Many
model search strategies involve trading off model fit with model
complexity in a penalized goodness of fit measure. Asymptotic properties
for these types of procedures in settings like linear regression and
ARMA time series have been studied, but these do not naturally extend
to non-standard situations such as mixed effects models, where simple
definition of the sample size is not meaningful.
We introduce a new class of strategies, known as fence methods,
for mixed model selection, which
includes linear and generalized linear mixed models.
The idea involves a procedure to isolate a subgroup of
what are known as correct models (of which the optimal model is a member).

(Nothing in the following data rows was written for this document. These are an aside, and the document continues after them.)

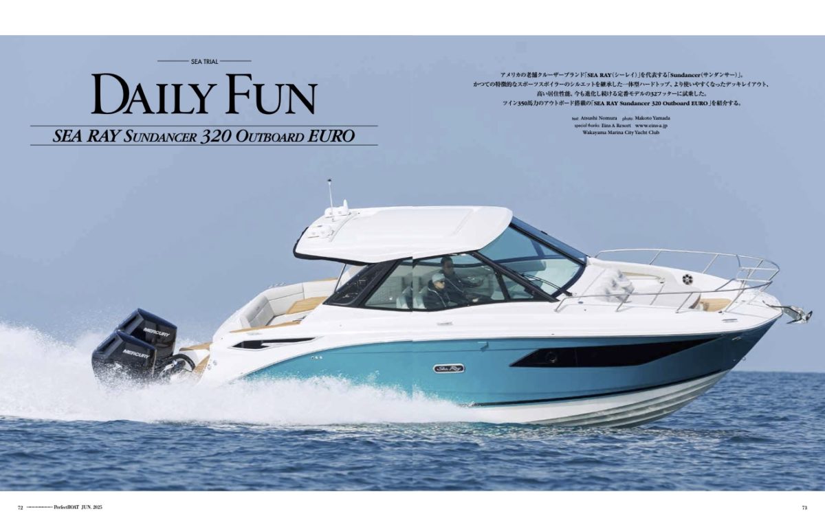 SEA RAY Sundancer 320OEの試乗は和歌山マリーナシティヨット倶楽部をベースに行った。今回の試乗艇のパワートレインは、MERCURYVerado350のツイン・アウトボード搭載。コンディションは小波がある程度で32フィート艇にとってはほぼフラットな状況。桟橋を離れてデッドスローで港内を進む。低速域でのジョイスティックによるコントロール、特に離着岸時に真横へ移動するのは何度試しても本当に便利だ。港外へ出て徐々に加速していく。ハンプを感じることなくスムーズにプレーニングする。4,500rpm程度まで上げるとクルージングスピードである30ktに達する。左舷のウォークスルーのドアを閉めた状態だとほぼ風が当たらないため、スピード感は驚くほど感じられない。引き続き加速を続けてマックスへ。スロットルを目一杯倒すと、42ktをマーク。さらにトリムをコントロールして6,500rpmまで回すとこの日の最高速である45ktをマークした。再びクルージングスピードに落として旋回性能のテストを行う。やはり個人的にSundancerはこのくらいのサイズが良い。実に旋回が愉しいのだ。スラロームを繰り返しても適度な傾きで曲がっていくため「怖さ」は無いし、とても姿勢が安定している。自船で立てた引き波に当たってもスパッと切るし衝撃もソフト。Sundancerにはボートを走らせること自体の愉しみが間違いなくある。実は2年前に同型艇のMERCURY Verado 250のトリプル・アウトボード仕様にも試乗している(弊誌2024年2月号掲載)が、トリプル250馬力のマックススピードは47ktであり、2ktほど今回の方が低い。ただし取り回しのしやすさや、クルージングスピードでの旋回性能はツイン350馬力の方が上回っているように思うし、走らせての愉しさはさらに増しているようにも思う。おそらく安定感で言えばスターンドライブ仕様も選択肢に入るだろうが、このボートの走らせて愉しむと言う本質の部分を考えるとアウトボード仕様は非常に魅力的だと思う。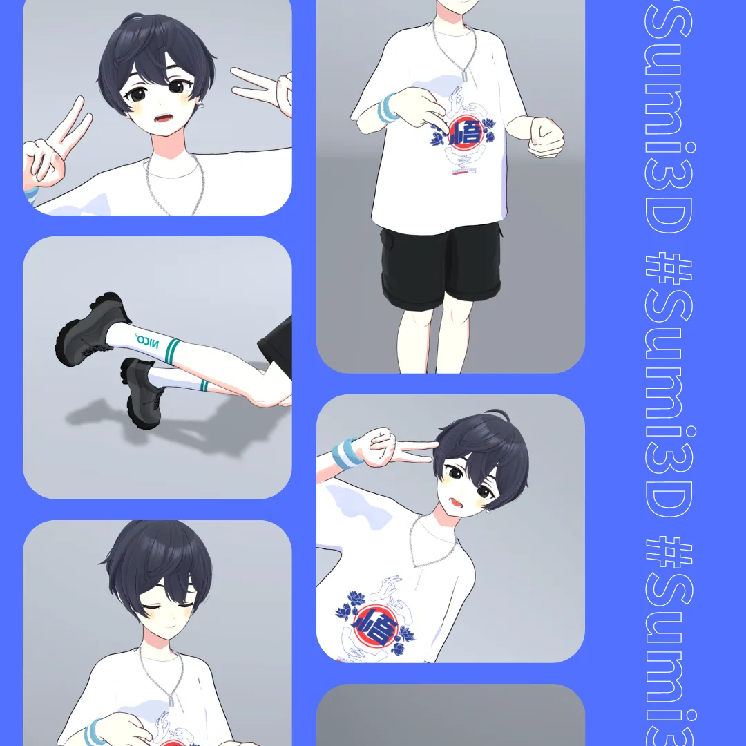 墨澄を少年ぽくなるように改変しました!nピアスやネックレスや、ロゴが大きく入った靴下など小物にもこだわってます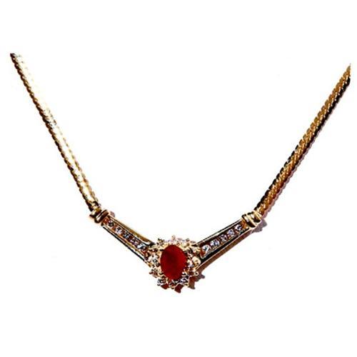 This 10kt. yellow gold necklace features one oval, .60ct. red ruby and eighteen round, .39ctw. VS2-SI1 diamonds. The necklace is 17 inches in length.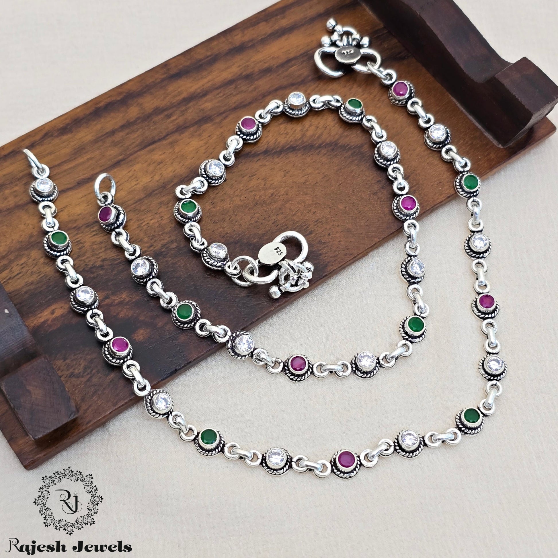 92.5 Pure Silver Oxidised Antique Finish Handmade Anklets Studded With Semi Precious Stones.

This is accomplished by constructing a statistical fence, or barrier,
to carefully eliminate incorrect models. Once the fence is constructed,
the optimal model is selected from amongst those within the fence according
to a criterion which can be made flexible.
In addition, we propose two variations of the fence.
The first is a stepwise procedure to handle situations of many predictors;
the second is an adaptive approach for choosing a tuning constant.
We give sufficient
conditions for consistency of fence and its variations, a desirable property
for a good model selection procedure. The methods are illustrated through
simulation studies and real data analysis.
This work is joint with J. Sunil Rao of Case Western Reserve University,
Zhonghua Gu of ALZA Corporation and Thuan Nguyen of UC-Davis.